# Video Of Log Trailer



## Allen Tomaszek (Nov 12, 2017)

On my last thread about the new addition to my log moving tools I had a request to post a video. So here you go. My first ever video post which is posted on my Facebook page.





__ https://www.facebook.com/video.php?v=1933954906614995

Reactions: Like 2 | Way Cool 5


----------



## DKMD (Nov 12, 2017)

It’s like a much cooler version of those arcade games where you try to grab a stuffed animal with the claw...

Reactions: Agree 1


----------



## Allen Tomaszek (Nov 12, 2017)

It's almost exactly like that!
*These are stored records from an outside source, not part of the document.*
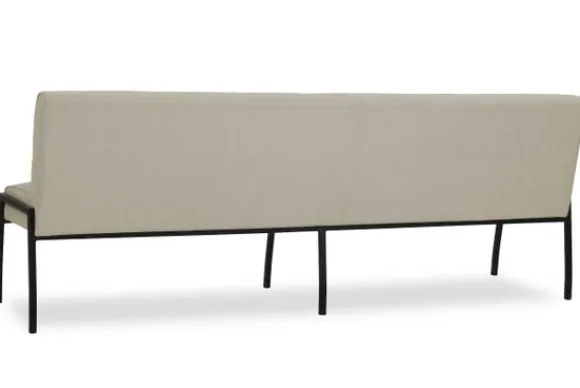 Deze eetkamerbank wordt standaard uitgevoerd met metalen poot, er kan gekozen worden om 2 handvaten aan de rugleuning te laten maken.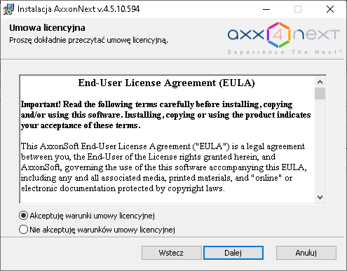 9. Po zakończeniu instalacji niezbędnego oprogramowania oraz sterowników, rozpoczyna się instalacja Axxon Next. Naciśnij przycisk Dalej.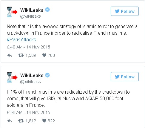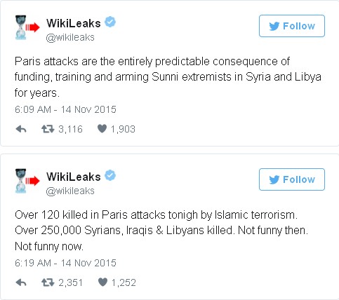 পরের দিন আরেক টুইট বার্তা ওয়েব সাইটটি বলে, প্যারিস সন্ত্রাসী হামলায় বহু মানুষ নিহত হয়েছে। ইরাক ও সিরিয়াও ২ লাখ ৫০ হাজার মানুষ নিহত হয়েছে। এই দুই মৃত্যুর সঙ্গে যুক্তরাষ্ট্র ও যুক্তরাজ্য যে উগ্রপন্থীদের প্রতিপালন করেছে তার সরাসরি যোগসূত্র রয়েছে।
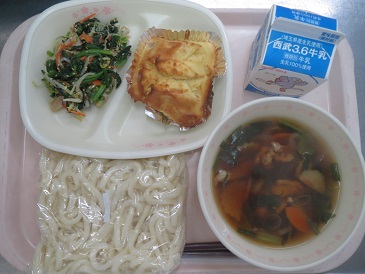 きょうの献立は 肉うどん・アップルパンケーキ・深谷産!ほうれん草とねぎのナムル・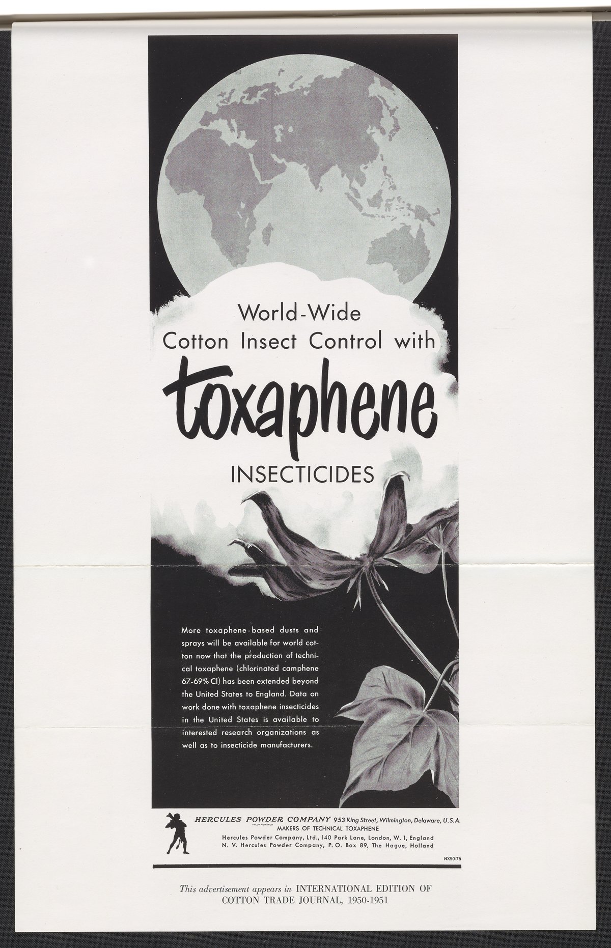 Print advertisement for toxaphene produced by Hercules Powder Company depicts the eastern hemisphere of the earth with an inset of a cotton plant. Accompanying paragraph states how the production of toxaphene has extended beyond the United States to England. This advertisement appeared in International Edition of Cotton Trade Journal, 1950-1951.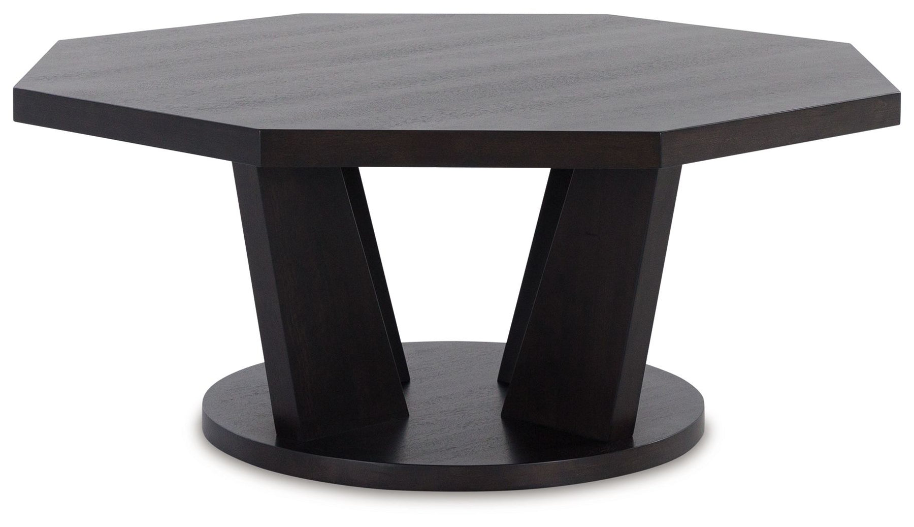 Chasinfield - Octagon Coffee Table - Dark Brown 43.25"W x 43.25"D x 17.13"H - 72.0 lb

Only I win on almost every grab!

Reactions: Like 1 | Funny 3


----------



## Nature Man (Nov 13, 2017)

That is excessively cool! What a tremendous tool! Chuck


----------



## woodtickgreg (Nov 13, 2017)

Now you don't mind going to pick up logs, lol.


----------



## barry richardson (Nov 13, 2017)

Awesome! What a labor saver...


----------



## David Van Asperen (Nov 19, 2017)

Ok now you have had your fun, so send it to me to mess with for a year or so.
Totally awesome machine . I am happy for and jealous of you.
Dave


----------